4 research outputs found
Development of a human fall detection system based on depth maps
Assistive care related products are increasingly in demand with the recent
developments in health sector associated technologies. There are several studies
concerned in improving and eliminating barriers in providing quality health care
services to all people, especially elderly who live alone and those who cannot move
from their home for various reasons such as disable, overweight.
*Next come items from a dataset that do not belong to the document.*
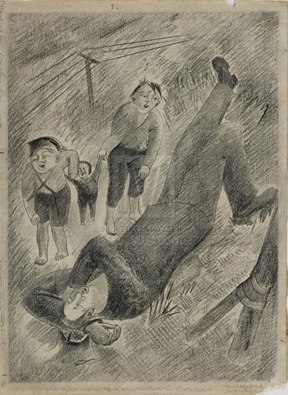 Τάτλιν Βλαντιμίρ, “Εικονογραφικό προσχέδιο για το βιβλίο ” Vo-Pervykh I Vo-Vtorykh” του Daniil Kharms” (1929). Ασπρόμαυρο σχέδιο που απεικονίζει υπαίθρια σκηνή με μια ανδρική και τρεις παιδικές μορφές.
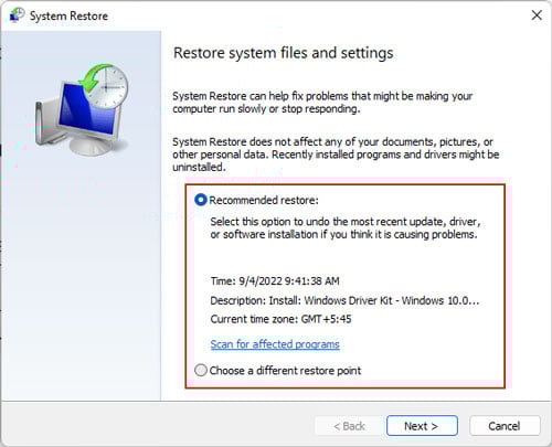 Nesses casos, você precisa executar uma restauração do sistema para reverter todas essas alterações. Mas lembre-se de que você precisa ter um ponto de restauração a partir do momento em que o menu Iniciar estava funcionando corretamente para executar esta solução.
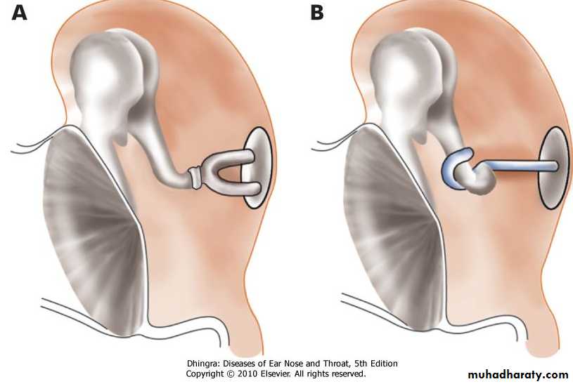 Patients who refuse surgery or are unfit for surgery can use hearing aid. It is an effective alternativeFigure 13.3 (A) Before removal of stapes. (B) Stapes removed and replaced by a teflon piston.
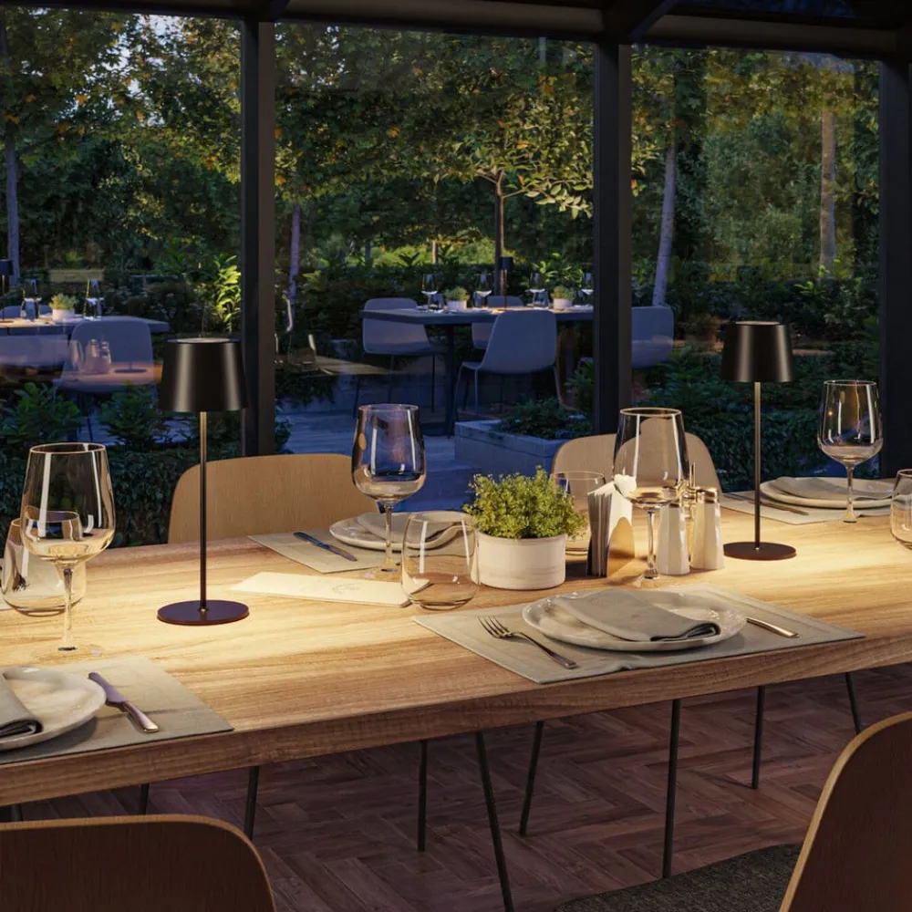 Mobil LED-bordlampe Gilo med genopladeligt batteri, skærm udformet som en keglestub Bordlampen Gilo er en visuelt elegant ekstra lyskilde til indendørs og udendørs brug. Lampen er lavet af plast med en mat finish og består af en rund base, en slank stang og en skærm i en tidløs kegleform. Sidstnævnte er udstyret med en satineret diffuser i top og bund. Takket være det genopladelige batteri kan Gilo betjenes uden strømtilslutning og genoplades indendørs i et tørt miljø ved hjælp af opladningsindgangen USB-C. – IP44 kapslingsgrad – egnet til udendørs brug – LED-modul og batteri kan udskiftes af en specialist – dæmpningsniveauer: 100 %, 10 % – driftstid pr. batteriopladning: > 8 timer ved 100 %, > 50 timer ved 10 % – opladningstid: 6 til 7 timer (inklusive opladningsindikator) – inklusive USB-opladningskabel; uden netadapter

Among them, human
fall detection systems play an important role in our daily life, because fall is the main
obstacle for elderly people to live independently and it is also a major health concern
due to aging population. The three basic approaches used to develop human fall
detection systems include some sort of wearable devices, ambient based devices or
non-invasive vision based devices using live cameras. Most of such systems are either
based on wearable or ambient sensor which is very often rejected by users due to the
high false alarm and difficulties in carrying them during their daily life activities. Thus,
this study proposes a non-invasive human fall detection system based on the height,
velocity, statistical analysis, fall risk factors and position of the subject using depth
information from Microsoft Kinect sensor. Classification of human fall from other
activities of daily life is accomplished using height and velocity of the subject
extracted from the depth information after considering the fall risk level of the user.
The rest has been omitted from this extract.